Trump’s secret weapon in dealing with the hard men of global politics was his sheer Nixonian unpredictability. Biden’s record so far suggests he will, as Putin says, be ‘predictable’. He will sit down with democratic leaders of friendly nations and issue worthy and meaningless statements on climate change and gender equality. He will then go off and attempt to talk to foreign rivals and adversaries as if he were a therapist trying to rehabilitate lost souls. By the end of Biden’s presidency, Putin will probably not be eagerly discussing targets for gender equality and cutting carbon emissions. He is more likely to be merrily taking bites out of a few more of Russia’s neighboring lands, as he did with Crimea in Obama’s time.

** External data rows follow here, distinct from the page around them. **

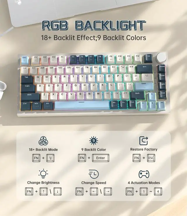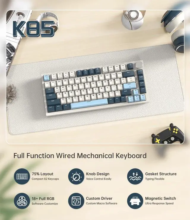 Gasket Mount & Gorgeous RGB BacklightK85 features a gasket mount system, a sought-after design in the mechanical keyboard world. To suit the gasket mount better, the K85 has a PC plate that is more rebouncing than regular steel plates, presenting pleasing typing sounds. RGB backlit keyboard has 18 built-in RGB modes and 9 colors. Through driver software, the keyboard RGB mode and light color can be customized.
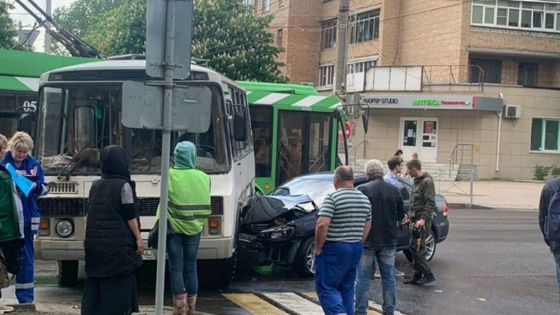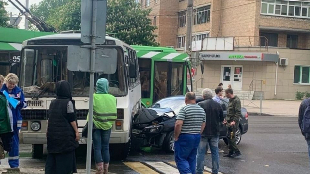 В центре Курске ПАЗик столкнулся с Фольксвагеном Поло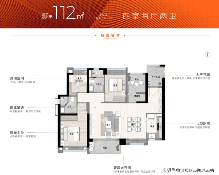 本次主推的107‑113㎡户型,是越秀地产对广州新计容规则的深度实践,实测使用率普遍超过130%。户型设计强调“复式空间的平层化”,特别是“臻藏稀缺复式产品”,拥有上下两层的灵动空间,单层层高约2.9米,隔音与舒适度极高。全系户型均采用LDKB(客厅、餐厅、厨房、阳台)一体化设计,配合入户花园与超大飘窗赠送,实现了“小面积、大空间”的居住革命。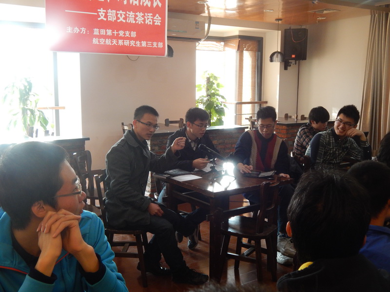 本次茶话交流会由蓝田学园第十党支部副书记叶松耸主持。本次交流会旨在通过两个支部的结对与交流,使蓝田学园第十支部的大一大二的同学们能更全面地了解航空航天学院的专业情况以及玉泉校区生活学习环境,同时开阔视野,以便更好地规划今后的学习生活。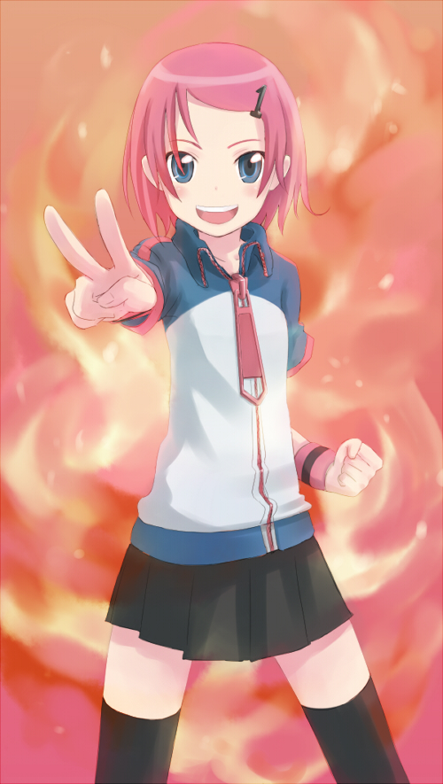 black thighhighsblue eyesclenched handhair ornamentjacketminiskirtpink hairshort hairskirtsmilesolothighhighsvwristbandzettai ryouikizipper
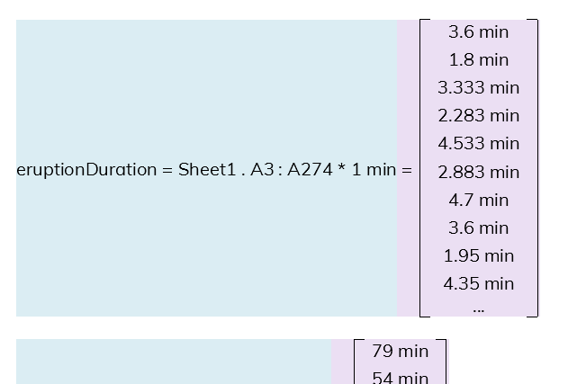 Since the numbers in the data are unitless, but they're supposed to be in minutes, multiply each set by 1 min.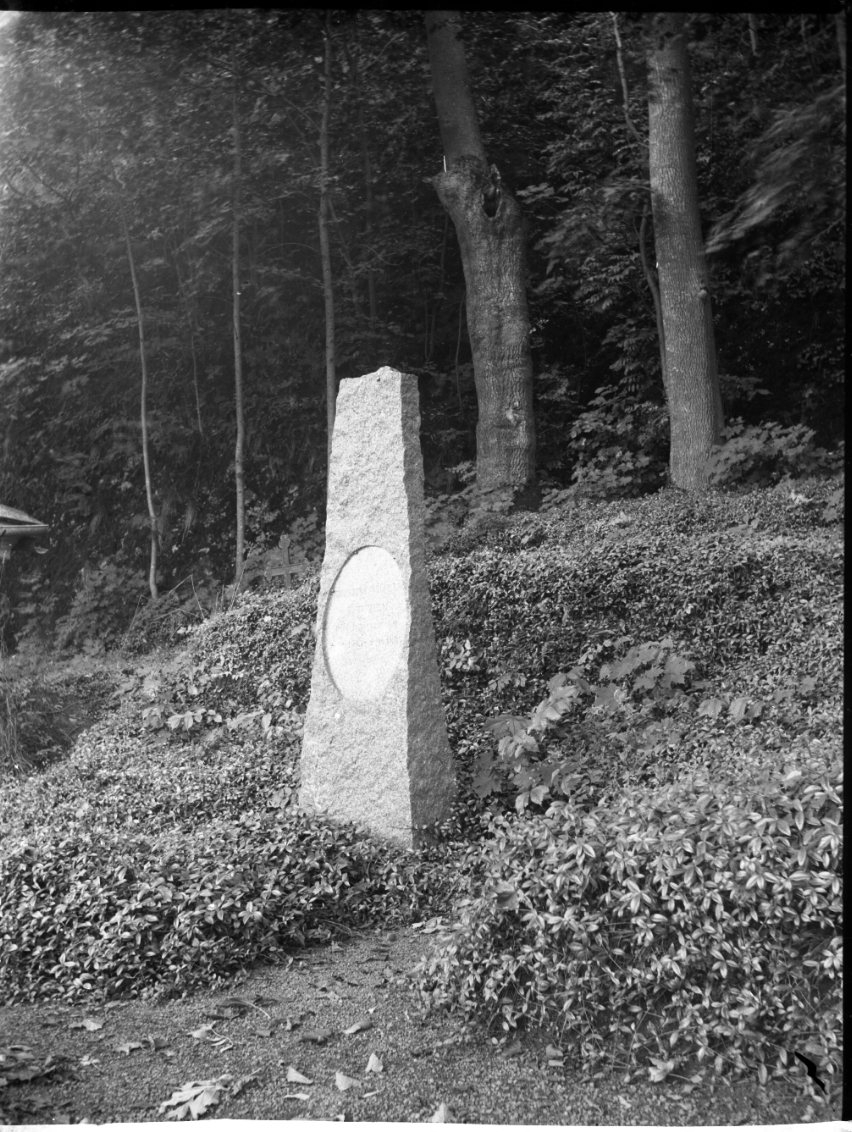 En cirka 2 m hög avsmalnande gravsten över Christina Wilhelmina Åkerhielm, på Gränna gamla kyrkogård.

‘Cooperation’ is one of those words which has very few negative connotations for most people. It is central to everything Biden has ever wanted to achieve in politics. When it is your job to broker a deal between senators in opposing political parties it is useful to, as politicians love to say, ‘reach across the aisle’. But the presidency is a very different job. A president can succeed by having a vision, like Franklin D. Roosevelt, or by being a disruptor, like Ronald Reagan. It is not enough, though, to be a collegial figure who enjoys bringing people together. On current evidence, we face four years of terribly well-meaning communiqués, at the end of which the media will say that America’s brand has been detoxified. Just don’t expect any meaningful solutions to the world’s biggest problems.